All this took place in dark and fog. I saw it, but for the most part the men were no more than ambient shadows—as the woman with the heart-shaped face had been. Yet something touched me. Perhaps it was Vodalus’s willingness to die to protect her that made the woman seem precious to me; certainly it was that willingness that kindled my admiration for him. Many times since then, when I have stood upon a shaky platform in some marketplace square with Terminus Est at rest before me and a miserable vagrant kneeling at my feet, when I have heard in hissing whispers the hate of the crowd and sensed what was far less welcome, the admiration of those who find an unclean joy in pains and deaths not their own, I have recalled Vodalus at the graveside, and raised my own blade half pretending that when it fell I would be striking for him.
He stumbled, as I have said. In that instant I believe my whole life teetered in the scales with his.
The flanking volunteers ran toward him, but he had held onto his weapon. I saw the bright blade flash up, though its owner was still on the ground. I remember thinking what a fine thing it would have been to have had such a sword on the day Drotte became captain of apprentices, and then likening Vodalus to myself.

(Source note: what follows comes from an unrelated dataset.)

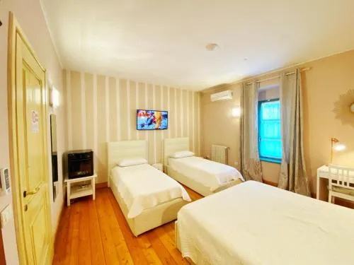 | Bambini con letti supplementari | Sono ammessi bambini di tutte le età. I bambini fino a 2 anni inclusi possono soggiornare gratis in una culla (se disponibile). I bambini fino a 0 anni inclusi possono soggiornare al costo di € 35 a persona a notte in uno dei letti già presenti. I bambini di età da 1 anno - fino a 5 anni possono soggiornare al costo di € 40 a persona a notte in uno dei letti già presenti. Non hai aggiunto letti supplementari. Qualsiasi tipo di letto supplementare o culla è disponibile su richiesta e previa conferma da parte della struttura. I supplementi non sono inclusi nell’importo totale e devono essere pagati separatamente durante il soggiorno. |

The axman, toward whom he had thrust, drew back; the other drove forward with his long knife. I was on my feet by then, watching the fight over the shoulder of a chalcedony angel, and I saw the knife come down, missing Vodalus by a thumb’s width as he writhed away and burying itself to the hilt in the ground. Vodalus slashed at the leader then, but he was too near for the length of his blade. The leader, instead of backing off, released his weapon and clutched him like a wrestler. They were at the very edge of the opened grave—I suppose Vodalus had tripped over the soil excavated from it.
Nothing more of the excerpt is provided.